Recorded information.
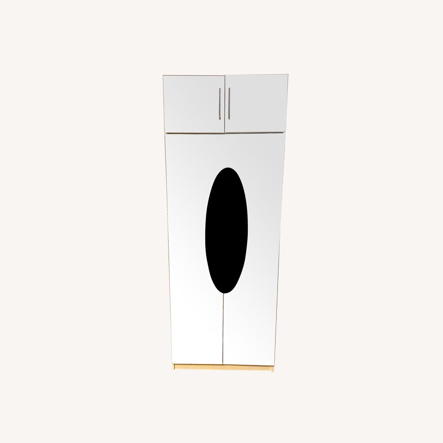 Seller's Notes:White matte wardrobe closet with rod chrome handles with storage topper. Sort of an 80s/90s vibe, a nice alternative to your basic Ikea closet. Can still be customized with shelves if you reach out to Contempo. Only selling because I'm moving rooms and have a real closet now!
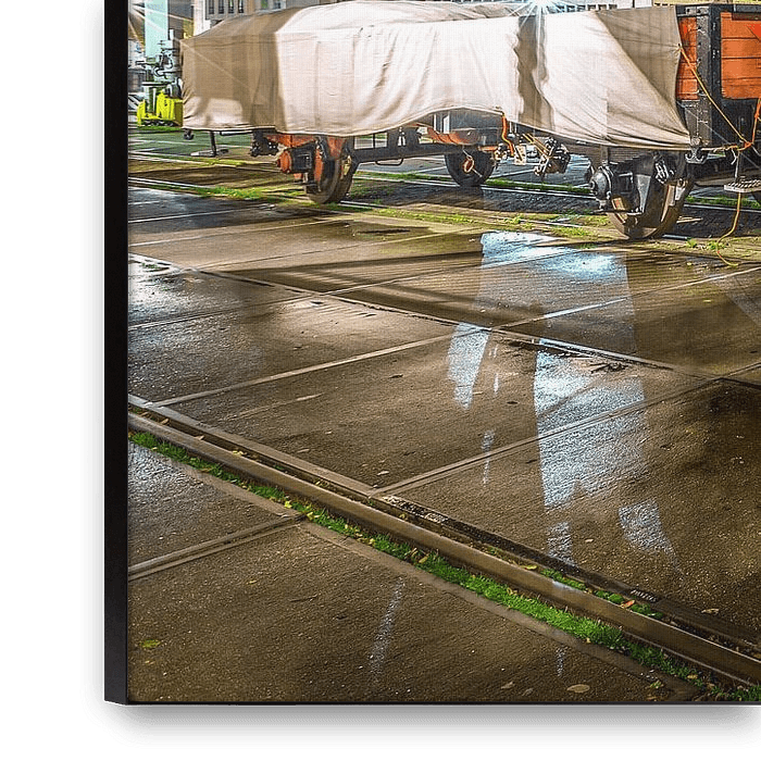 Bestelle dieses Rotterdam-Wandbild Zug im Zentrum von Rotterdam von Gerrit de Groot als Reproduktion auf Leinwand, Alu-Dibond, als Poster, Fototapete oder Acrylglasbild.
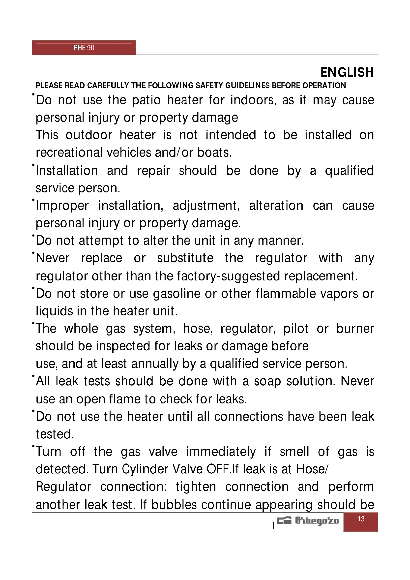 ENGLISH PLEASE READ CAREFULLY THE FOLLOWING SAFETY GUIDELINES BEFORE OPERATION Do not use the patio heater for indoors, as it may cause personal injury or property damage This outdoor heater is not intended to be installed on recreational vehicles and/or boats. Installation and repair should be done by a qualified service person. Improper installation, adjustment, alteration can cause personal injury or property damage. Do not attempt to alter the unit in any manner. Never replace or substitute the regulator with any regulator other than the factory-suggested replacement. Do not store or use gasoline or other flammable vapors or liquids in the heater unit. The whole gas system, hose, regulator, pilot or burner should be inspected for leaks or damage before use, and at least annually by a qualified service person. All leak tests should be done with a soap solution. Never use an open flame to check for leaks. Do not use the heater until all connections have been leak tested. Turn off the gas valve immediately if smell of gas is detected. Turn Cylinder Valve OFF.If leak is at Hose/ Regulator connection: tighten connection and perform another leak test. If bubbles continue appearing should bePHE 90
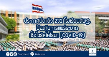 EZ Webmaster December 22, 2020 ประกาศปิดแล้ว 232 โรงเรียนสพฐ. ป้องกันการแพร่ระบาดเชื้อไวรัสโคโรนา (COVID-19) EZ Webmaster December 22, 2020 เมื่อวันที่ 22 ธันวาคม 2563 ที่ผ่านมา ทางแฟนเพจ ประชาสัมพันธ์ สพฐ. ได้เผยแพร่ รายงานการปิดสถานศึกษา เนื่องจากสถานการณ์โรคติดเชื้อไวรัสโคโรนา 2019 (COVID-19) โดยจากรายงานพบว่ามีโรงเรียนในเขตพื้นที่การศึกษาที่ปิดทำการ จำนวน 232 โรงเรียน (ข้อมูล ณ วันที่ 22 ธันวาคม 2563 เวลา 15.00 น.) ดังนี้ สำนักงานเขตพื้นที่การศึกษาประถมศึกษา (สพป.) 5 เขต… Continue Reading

What the task asks.
Pictures stay out of the answer; the rest of the listing above is returned exactly.

Answer area.
 Seller's Notes:White matte wardrobe closet with rod chrome handles with storage topper. Sort of an 80s/90s vibe, a nice alternative to your basic Ikea closet. Can still be customized with shelves if you reach out to Contempo. Only selling because I'm moving rooms and have a real closet now!
 Bestelle dieses Rotterdam-Wandbild Zug im Zentrum von Rotterdam von Gerrit de Groot als Reproduktion auf Leinwand, Alu-Dibond, als Poster, Fototapete oder Acrylglasbild.
 ENGLISH PLEASE READ CAREFULLY THE FOLLOWING SAFETY GUIDELINES BEFORE OPERATION Do not use the patio heater for indoors, as it may cause personal injury or property damage This outdoor heater is not intended to be installed on recreational vehicles and/or boats. Installation and repair should be done by a qualified service person. Improper installation, adjustment, alteration can cause personal injury or property damage. Do not attempt to alter the unit in any manner. Never replace or substitute the regulator with any regulator other than the factory-suggested replacement. Do not store or use gasoline or other flammable vapors or liquids in the heater unit. The whole gas system, hose, regulator, pilot or burner should be inspected for leaks or damage before use, and at least annually by a qualified service person. All leak tests should be done with a soap solution. Never use an open flame to check for leaks. Do not use the heater until all connections have been leak tested. Turn off the gas valve immediately if smell of gas is detected. Turn Cylinder Valve OFF.If leak is at Hose/ Regulator connection: tighten connection and perform another leak test. If bubbles continue appearing should bePHE 90
 EZ Webmaster December 22, 2020 ประกาศปิดแล้ว 232 โรงเรียนสพฐ. ป้องกันการแพร่ระบาดเชื้อไวรัสโคโรนา (COVID-19) EZ Webmaster December 22, 2020 เมื่อวันที่ 22 ธันวาคม 2563 ที่ผ่านมา ทางแฟนเพจ ประชาสัมพันธ์ สพฐ. ได้เผยแพร่ รายงานการปิดสถานศึกษา เนื่องจากสถานการณ์โรคติดเชื้อไวรัสโคโรนา 2019 (COVID-19) โดยจากรายงานพบว่ามีโรงเรียนในเขตพื้นที่การศึกษาที่ปิดทำการ จำนวน 232 โรงเรียน (ข้อมูล ณ วันที่ 22 ธันวาคม 2563 เวลา 15.00 น.) ดังนี้ สำนักงานเขตพื้นที่การศึกษาประถมศึกษา (สพป.) 5 เขต… Continue Reading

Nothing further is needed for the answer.